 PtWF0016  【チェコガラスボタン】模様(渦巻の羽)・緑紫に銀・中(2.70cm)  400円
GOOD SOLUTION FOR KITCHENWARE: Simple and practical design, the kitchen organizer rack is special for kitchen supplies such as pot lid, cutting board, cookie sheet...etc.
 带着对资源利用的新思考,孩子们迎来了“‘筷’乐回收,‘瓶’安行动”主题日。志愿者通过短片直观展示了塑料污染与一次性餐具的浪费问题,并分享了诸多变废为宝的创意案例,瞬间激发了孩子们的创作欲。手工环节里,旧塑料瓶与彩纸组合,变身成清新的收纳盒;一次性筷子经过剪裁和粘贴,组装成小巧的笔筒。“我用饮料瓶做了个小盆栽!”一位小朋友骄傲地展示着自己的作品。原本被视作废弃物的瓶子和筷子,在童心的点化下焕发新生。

--

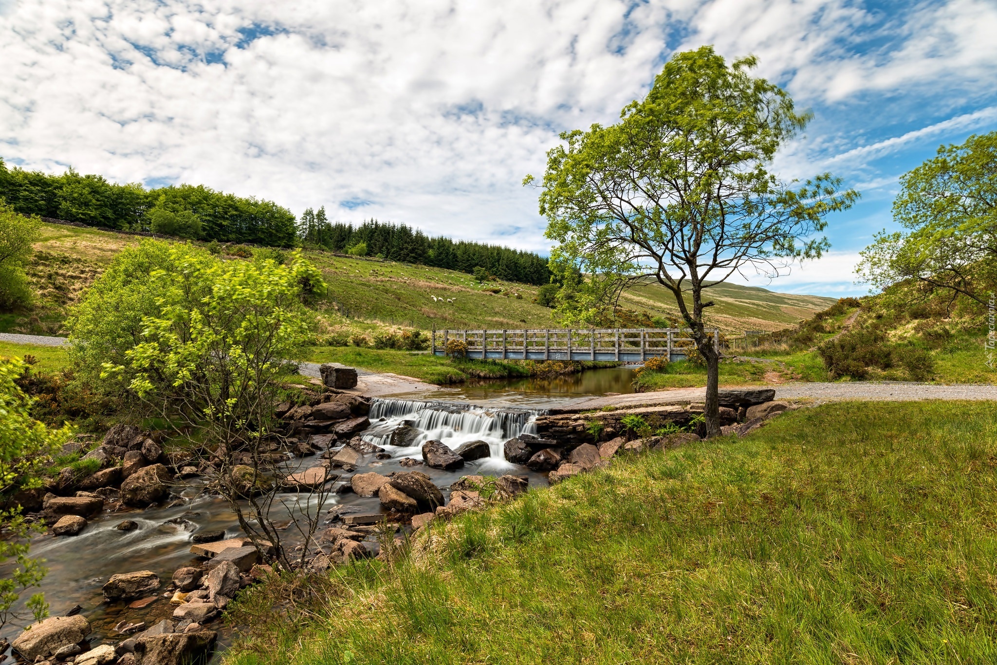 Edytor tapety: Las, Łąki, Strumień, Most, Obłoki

▶ [EXERCISE AIM]: Find where the line with "GOOD SOLUTION FOR" sits in the material above, then copy exactly from it through the line with "带着对资源利用的新思考,孩子". Add no other line.

▶ [FINAL ANSWER]:
GOOD SOLUTION FOR KITCHENWARE: Simple and practical design, the kitchen organizer rack is special for kitchen supplies such as pot lid, cutting board, cookie sheet...etc.
 带着对资源利用的新思考,孩子们迎来了“‘筷’乐回收,‘瓶’安行动”主题日。志愿者通过短片直观展示了塑料污染与一次性餐具的浪费问题,并分享了诸多变废为宝的创意案例,瞬间激发了孩子们的创作欲。手工环节里,旧塑料瓶与彩纸组合,变身成清新的收纳盒;一次性筷子经过剪裁和粘贴,组装成小巧的笔筒。“我用饮料瓶做了个小盆栽!”一位小朋友骄傲地展示着自己的作品。原本被视作废弃物的瓶子和筷子,在童心的点化下焕发新生。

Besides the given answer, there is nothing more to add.